A central one. Artificial intelligence brings enormous speed, contextual understanding, and automation—enabling intelligent, data-driven decisions in real time. For bug bounty programs, this means they can now be operated completely data-driven, highly efficient, and sustainably impactful. Large, complex attack surfaces can be continuously monitored, while very specific questions are addressed immediately as they become relevant. For example, the scoping and planning of a test can be automatically generated and continuously optimized—based on a semantic understanding of the organization and its entire context. To achieve this, we create a “Semantic Living Digital Twin”—the digital brain of an organization that learns and improves with every test iteration. Intelligent orchestration of hackers is also AI-driven: our AI matchmaking ensures that the right experts are activated at the right time, in the right place, with the right task. Complex technical findings are prepared so that all levels—from developers to the board—receive a context-appropriate situational picture. Instead of hundreds of technical reports, clear, prioritized action recommendations emerge—in natural language, with business relevance. With Agentic AI, we can now automate much of what we perfected manually over the past five years. The keyword is: Service-as-Software.
Sounds almost like you’re a technology company today.

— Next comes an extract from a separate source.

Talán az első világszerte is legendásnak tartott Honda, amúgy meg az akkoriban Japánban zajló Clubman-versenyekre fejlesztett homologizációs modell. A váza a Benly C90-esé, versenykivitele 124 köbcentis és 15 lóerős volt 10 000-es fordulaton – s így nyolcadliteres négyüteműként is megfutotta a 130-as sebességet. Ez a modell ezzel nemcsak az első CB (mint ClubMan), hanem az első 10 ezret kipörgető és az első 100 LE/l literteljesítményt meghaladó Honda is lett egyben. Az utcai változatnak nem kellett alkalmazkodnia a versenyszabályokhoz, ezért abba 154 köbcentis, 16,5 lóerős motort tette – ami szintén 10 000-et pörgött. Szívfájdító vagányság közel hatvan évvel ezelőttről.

Absolutely. We’ve considered ourselves a technology company for a long time. In 2021, we launched the first Swiss bug bounty platform, and in 2023, we began integrating AI. Thanks to our participation in the Microsoft for Startups program, we received targeted support and privileged access to Azure OpenAI—which opened up enormous technological possibilities for us. Since then, we’ve focused on continuously developing our technology and our unique data foundation—collecting, labeling, and structuring it to unlock its full potential with AI. Five years ago, our goal was to bring bug bounty programs to Switzerland. In the next five years, our mission is to redefine collaboration with ethical hackers in the age of AI—and to rethink and implement security testing globally.

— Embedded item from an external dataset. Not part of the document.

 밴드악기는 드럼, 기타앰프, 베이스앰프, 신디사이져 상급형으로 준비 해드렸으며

That sounds ambitious. Where is the journey headed?
Yes, our ambitions have grown—as have the technological possibilities, our market understanding, and the role we can play. The global security testing market is growing rapidly—with an average annual growth rate of around 25 percent and an expected market size of 50 billion US dollars by 2030. Drivers include exploding attack surfaces, the complete shift to cloud and SaaS models, and increasing regulatory pressure. At the same time, the market is highly fragmented, complex, and far too slow—especially in planning and evaluating tests, where much is still manual. The speed gap between attackers and defenders continues to grow. Moreover, tests often run very statically—exactly as originally planned. Yet it’s crucial to incorporate every new insight continuously so that the ongoing test becomes more precise every day. We’ve solved this problem: our platform integrates the entire security testing process end-to-end, continuously learning and becoming more efficient. This has created an intelligent flywheel that continuously cycles through the following steps: Scope → Match → Execute → Validate → Learn.
Will we even need human hackers in the future?

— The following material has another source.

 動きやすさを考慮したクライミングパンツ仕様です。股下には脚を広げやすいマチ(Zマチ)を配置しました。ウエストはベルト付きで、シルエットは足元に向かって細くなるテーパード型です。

Yes, more than ever. The more technological and intelligent everything becomes, the more important humans remain—with intuition, heart, creativity, and critical thinking. Machines cannot replace that. Our hackers constantly develop new attack techniques and patterns—these high-quality, human-generated data are the foundation for strong AI systems. And this perfect symbiosis between collective human intelligence and cutting-edge artificial intelligence is what we work toward every day. What makes us unique is our context-based matchmaking and orchestration capability. This allows us to deploy ethical hackers more precisely and effectively than any other provider. Especially now, as offensive AI agents are popping up everywhere and testing execution capacity becomes increasingly accessible and automated, intelligent orchestration is essential. This is where the greatest need will arise—and this is where we deliver the greatest value: we orchestrate the best hackers—human and machine.